On Tue, 24 Jul 2007 10:22:07 +0200 Jens Axboe <jens.axboe@oracle.com> wrote:

> On Tue, Jul 24 2007, Jens Axboe wrote:
> > On Mon, Jul 23 2007, Andrew Morton wrote:
> > > I worked out that the crash I saw was in
> > > 
> > >         BUG_ON(!pte_none(*(kmap_pte-idx)));
> > > 
> > > in the read of kmap_pte[idx].  Which would be weird as the caller is using 
> > > a literal KM_USER0.
> > > 
> > > So maybe I goofed, and that BUG_ON is triggering (it scrolled off, and I am
> > > unable to reproduce it now).
> > > 
> > > If that BUG_ON _is_ triggering then it might indicate that someone is doing
> > > a __GFP_HIGHMEM|__GFP_ZERO allocation while holding KM_USER0.
> > 
> > Or doing double kunmaps, or doing a kunmap_atomic() on the page, not the
> > address. I've seen both of those end up triggering that BUG_ON() in a
> > later kmap.
> > 
> > Looking over the 2.6.22..2.6.23-rc1 diff, I found one such error in
> > ocfs2 at least. But you are probably not using that, so I'll keep
> > looking...
> 
> What about the new async crypto stuff? I've been looking, but is it
> guarenteed that async_memcpy() runs in process context with interrupts
> enabled always? If not, there's a km type bug there.

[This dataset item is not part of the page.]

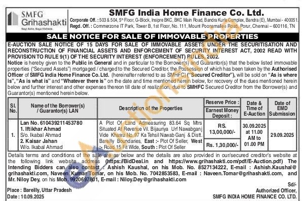 A Plot Of Land Admeasuring 83.64 Sq Mtrs Situated At Revenue Vil. Bijauriya Urf Nawabganj Vide Khasra No. 97 Ka Tehsil Nawab Ganj & Distt. Bareilly Boundaries, East: Plot Of Seller, West :- Road 15 Fit Wide, South: Plot Of Seller

I think Shannon maintains that now.

> In general, I think the highmem stuff could do with more safety checks:
> 
> - People ALWAYS get the atomic unmaps wrong, passing in the page instead
>   of the address. I've seen tons of these. And since kunmap_atomic()
>   takes a void pointer, nobody notices until it goes boom.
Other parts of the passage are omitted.